Everything in the listing except the pictures should be written out exactly.

>>

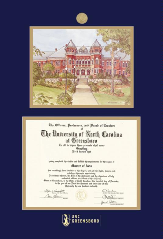 University of North Carolina at Greensboro Diploma - BA (2019 to Present) and Litho Frame with Medallion and Navy Blue and Gold Double Mat and Gold Embossing
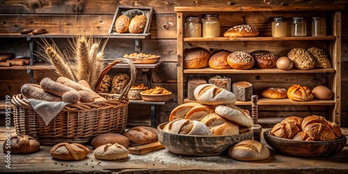 bread, loaf, basket, bowl, rustic, wooden, bakery, display, table, wheat, flour, dough, baking, pastry, baked goods, kitchen, pantry, farmhouse, country, rural, grain, brown, natural
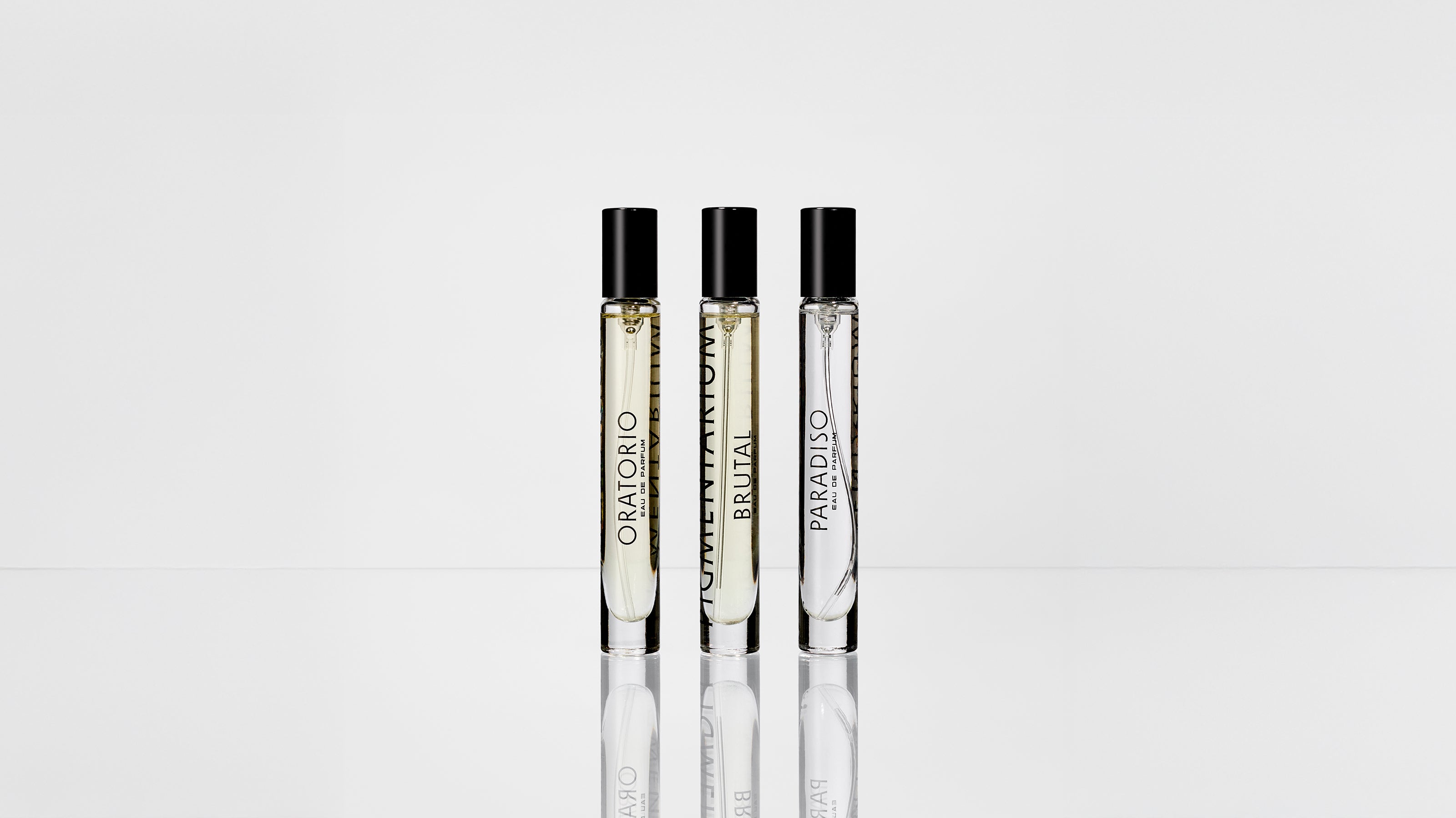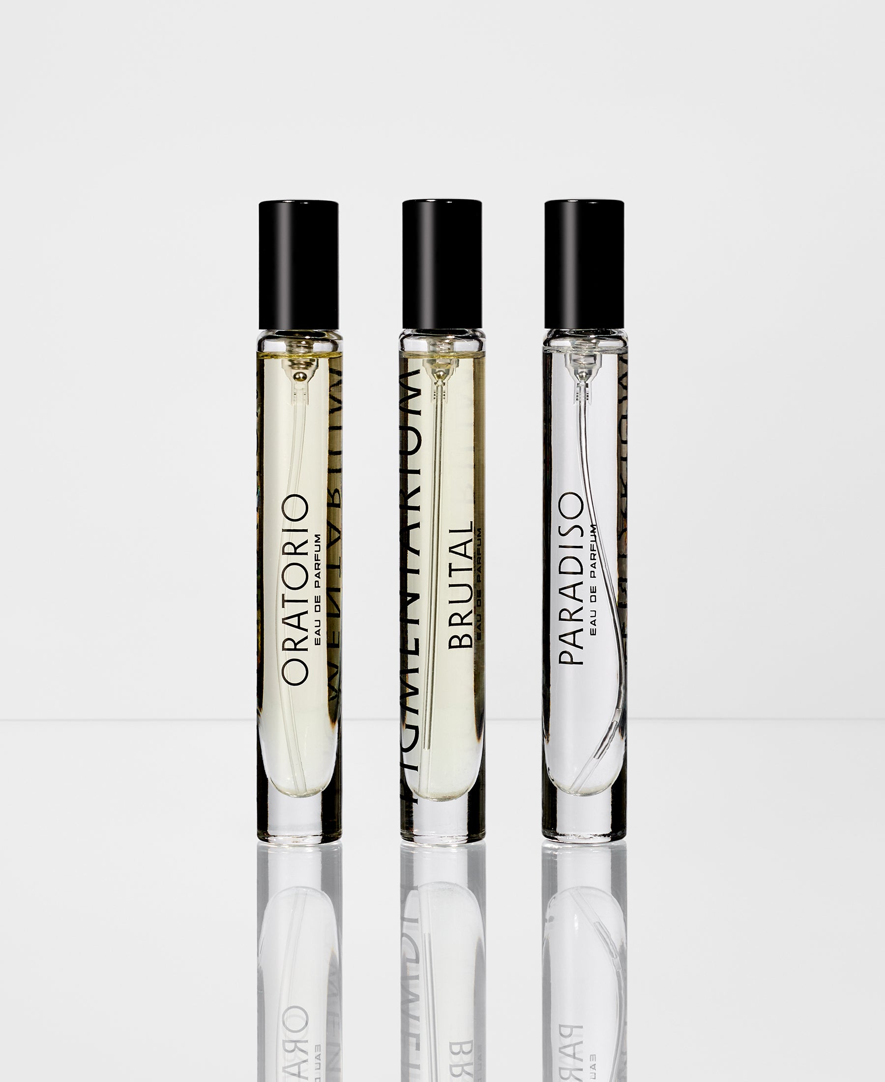 Všechny tři vůně jsou dynamické a současné, každá ale přináší jinou emoci. Paradiso představuje jiskřivé spojení grepu a verbeny. Brutal je sebevědomě výrazný a sexy spojením tuberózy, akordu negroni a tabáku. Oratorio nabízí univerzálně krásnou, v jednu chvíli chladnou i hřejivou kompozici niche madagaskarské mandarinky, kadidla a pačuli.
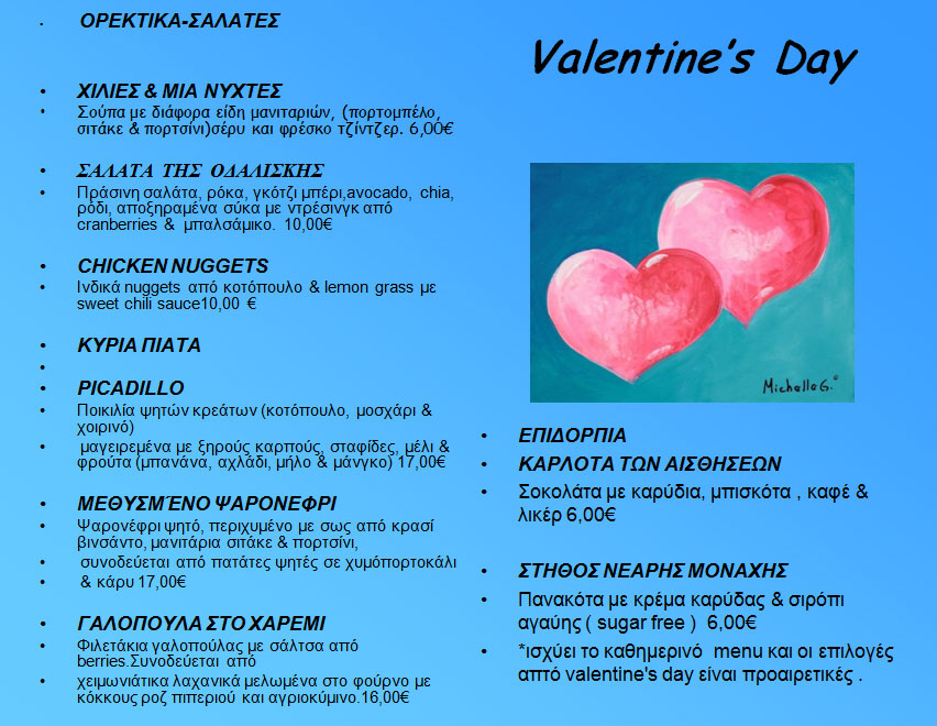 Τα γνωστά και αγαπημένα πολυεθνικά εστιατόρια δημιούργησαν για σας ένα μπουκέτο γεύσεων που θα ιντριγκάρουν τον ουρανίσκο και θα απογειώσουν τις αισθήσεις σας, με εμπνευσμένες ονομασίες στο «ερωτικό πνεύμα» της ημέρας…
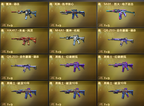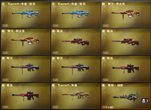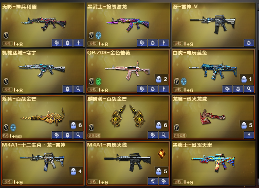 宗师5❤️白虎❤️炼狱百战金芒❤️葵❤️QBZ❤️毁灭虹光❤️裁决火麒麟心动糖果❤️黑骑士海王
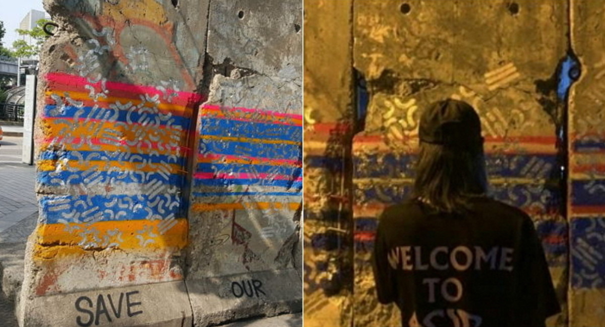최근 서울 청계천 인근에 있는 베를린 장벽이 그래피티로 뒤덮여 있는 모습이 포착돼 논란이 일었다.
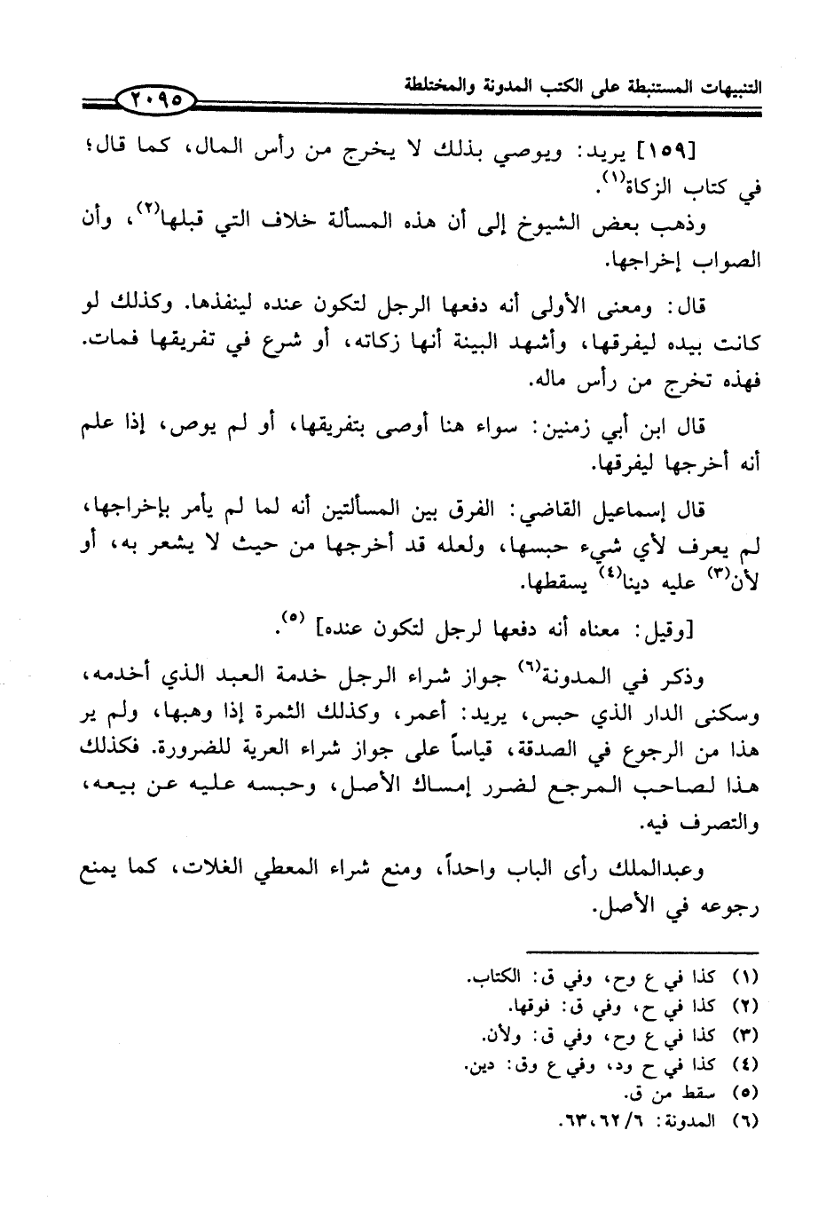 [159] يريد: ويوصي بذلك لا يخرج من رأس المال، كما قال؛ في كتاب الزكاة (¬1).
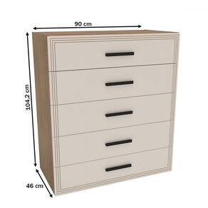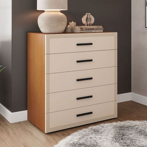 O(a) Cômoda Valência 5 Gavetas Creme/Freijó - Politorno é produzido em MDF e MDP na escala de brilho Semi-Fosco, e possui um grau de dificuldade de montagem: Médio.
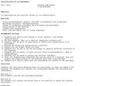 Young scholars study starfish through dissection. In this biology lesson plan, students explore the lives of starfish as they view a slide show, observe parts of echinoderms, and compare the classification of the starfish with other...
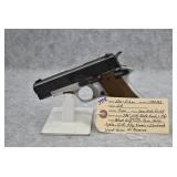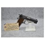 67R. Browning (Belgium) – Mod. High Power – 9mm Cal. Semi-Auto Pistol – w/4 ½” Barrel w/Sights – Blued Finish – w/Factory Checkered Wood Grips – w/Magazine – w/Browning Soft Case
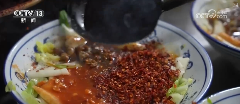 说到面食,绕不过陕西著名的𰻞𰻞面。这种面的特点是宽厚筋道,下锅煮熟以后捞出,要撒上葱姜蒜和辣椒面,再泼上一勺热油。
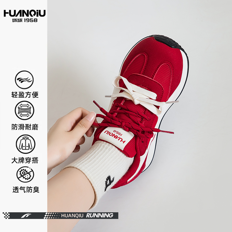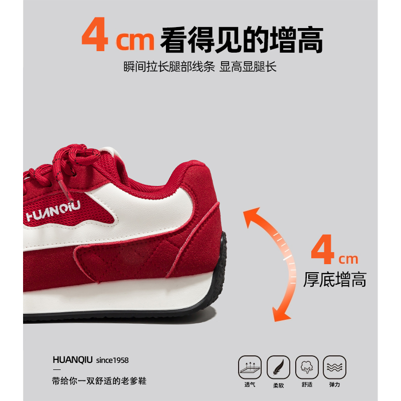 百搭ins风运动轻便舒适跑鞋 女透气老爹鞋 子德训阿甘鞋 环球红色鞋
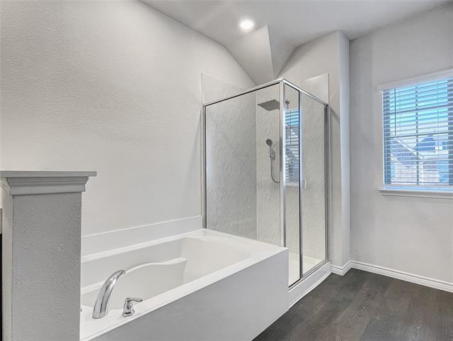 Like new townhome features 3 bedroom, 2.5 baths. Large primary bedroom with en-suite bath with large garden tub and tile shower and dual sinks. Generously sized secondary bedrooms with carpet and large closets, bathroom and laundry upstairs. Downstairs the open floorplan living room with luxury vinyl plank floors opens to the kitchen. The gourment kithcen has stainless steel appliances, gas range, quartz countertops, built in microwave, disposal, dishwasher with lots of cabinets, refrigerator,. washer, and dryer are provided. Rear entry 2 car garage has epoxy floors. This unit is immaculate and gently cared foe. Walk to Community Pool, Mesquite Rodeo, convenient to 635, shopping, movie theather, and restaurants and short drive to Downtown Dallas.
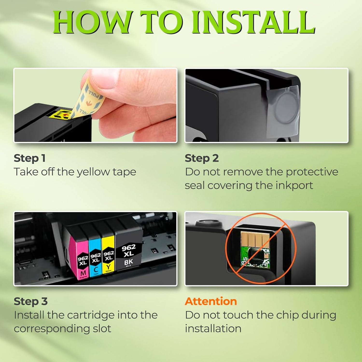 - Package Includes: 962 xl printer ink cartridges combo pack 962 962XL 962 XL (1 Black 1 Cyan 1 Magenta 1 Yellow) 4 Packs.

<<

### RESULT FOR THIS EXERCISE
 University of North Carolina at Greensboro Diploma - BA (2019 to Present) and Litho Frame with Medallion and Navy Blue and Gold Double Mat and Gold Embossing
 bread, loaf, basket, bowl, rustic, wooden, bakery, display, table, wheat, flour, dough, baking, pastry, baked goods, kitchen, pantry, farmhouse, country, rural, grain, brown, natural
 Všechny tři vůně jsou dynamické a současné, každá ale přináší jinou emoci. Paradiso představuje jiskřivé spojení grepu a verbeny. Brutal je sebevědomě výrazný a sexy spojením tuberózy, akordu negroni a tabáku. Oratorio nabízí univerzálně krásnou, v jednu chvíli chladnou i hřejivou kompozici niche madagaskarské mandarinky, kadidla a pačuli.
 Τα γνωστά και αγαπημένα πολυεθνικά εστιατόρια δημιούργησαν για σας ένα μπουκέτο γεύσεων που θα ιντριγκάρουν τον ουρανίσκο και θα απογειώσουν τις αισθήσεις σας, με εμπνευσμένες ονομασίες στο «ερωτικό πνεύμα» της ημέρας…
 宗师5❤️白虎❤️炼狱百战金芒❤️葵❤️QBZ❤️毁灭虹光❤️裁决火麒麟心动糖果❤️黑骑士海王
최근 서울 청계천 인근에 있는 베를린 장벽이 그래피티로 뒤덮여 있는 모습이 포착돼 논란이 일었다.
 [159] يريد: ويوصي بذلك لا يخرج من رأس المال، كما قال؛ في كتاب الزكاة (¬1).
 O(a) Cômoda Valência 5 Gavetas Creme/Freijó - Politorno é produzido em MDF e MDP na escala de brilho Semi-Fosco, e possui um grau de dificuldade de montagem: Médio.
 Young scholars study starfish through dissection. In this biology lesson plan, students explore the lives of starfish as they view a slide show, observe parts of echinoderms, and compare the classification of the starfish with other...
 67R. Browning (Belgium) – Mod. High Power – 9mm Cal. Semi-Auto Pistol – w/4 ½” Barrel w/Sights – Blued Finish – w/Factory Checkered Wood Grips – w/Magazine – w/Browning Soft Case
 说到面食,绕不过陕西著名的𰻞𰻞面。这种面的特点是宽厚筋道,下锅煮熟以后捞出,要撒上葱姜蒜和辣椒面,再泼上一勺热油。
 百搭ins风运动轻便舒适跑鞋 女透气老爹鞋 子德训阿甘鞋 环球红色鞋
 Like new townhome features 3 bedroom, 2.5 baths. Large primary bedroom with en-suite bath with large garden tub and tile shower and dual sinks. Generously sized secondary bedrooms with carpet and large closets, bathroom and laundry upstairs. Downstairs the open floorplan living room with luxury vinyl plank floors opens to the kitchen. The gourment kithcen has stainless steel appliances, gas range, quartz countertops, built in microwave, disposal, dishwasher with lots of cabinets, refrigerator,. washer, and dryer are provided. Rear entry 2 car garage has epoxy floors. This unit is immaculate and gently cared foe. Walk to Community Pool, Mesquite Rodeo, convenient to 635, shopping, movie theather, and restaurants and short drive to Downtown Dallas.
 - Package Includes: 962 xl printer ink cartridges combo pack 962 962XL 962 XL (1 Black 1 Cyan 1 Magenta 1 Yellow) 4 Packs.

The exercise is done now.